Cache Invalidation Strategies
Cache invalidation is one of the two hard problems in computer science. For LLM caches, you need strategies for several scenarios:
function CacheInvalidator(cache) {
this.cache = cache;
}
// Invalidate a specific prompt
CacheInvalidator.prototype.invalidatePrompt = function(prompt, model, temperature) {
var cacheKey = buildCacheKey({ prompt: prompt, model: model, temperature: temperature });
return this.cache.redis.del(this.cache.prefix + cacheKey);
};
// Invalidate all entries matching a pattern (e.g., model upgrade)

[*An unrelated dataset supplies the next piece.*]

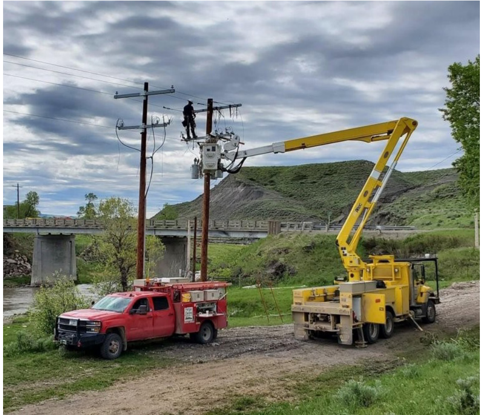
Fergus Electric Cooperative linemen are working on an irrigation service. Lineworker Appreciation Day is April 18.

to help you properly size a backup power system to meet your needs. Our Operations and Engineering staff can order the necessary equipment and help put you in touch with a local qualified electrician to complete the installation. The Fergus Electric team works relentlessly to provide reliable power 24/7/365 but power outages in rural Montana are inevitable. For members interested in a backup power source, please contact us at 406-538-3465.

CacheInvalidator.prototype.invalidateByPattern = function(pattern) {
var self = this;
var fullPattern = this.cache.prefix + pattern;
return this.cache.redis.keys(fullPattern).then(function(keys) {
if (keys.length === 0) return 0;
return self.cache.redis.del(keys);
});
};
// Invalidate when underlying data changes
CacheInvalidator.prototype.invalidateByTag = function(tag) {
var tagKey = this.cache.prefix + "tag:" + tag;
var self = this;
return this.cache.redis.smembers(tagKey).then(function(cacheKeys) {
if (cacheKeys.length === 0) return 0;
var pipeline = self.cache.redis.pipeline();
cacheKeys.forEach(function(key) {
pipeline.del(key);
});
pipeline.del(tagKey);
return pipeline.exec().then(function() {
return cacheKeys.length;
});
});
};
// Tag a cache entry for later group invalidation
CacheInvalidator.prototype.tagEntry = function(cacheKey, tags) {
var self = this;
var promises = tags.map(function(tag) {
var tagKey = self.cache.prefix + "tag:" + tag;
return self.cache.redis.sadd(tagKey, self.cache.prefix + cacheKey);
});
return Promise.all(promises);
};
Common invalidation triggers: model version upgrades (your GPT-4o responses are stale when you switch to a newer snapshot), changes to system prompts, updates to the underlying knowledge base used in RAG prompts, and manual corrections when a cached response is found to be wrong.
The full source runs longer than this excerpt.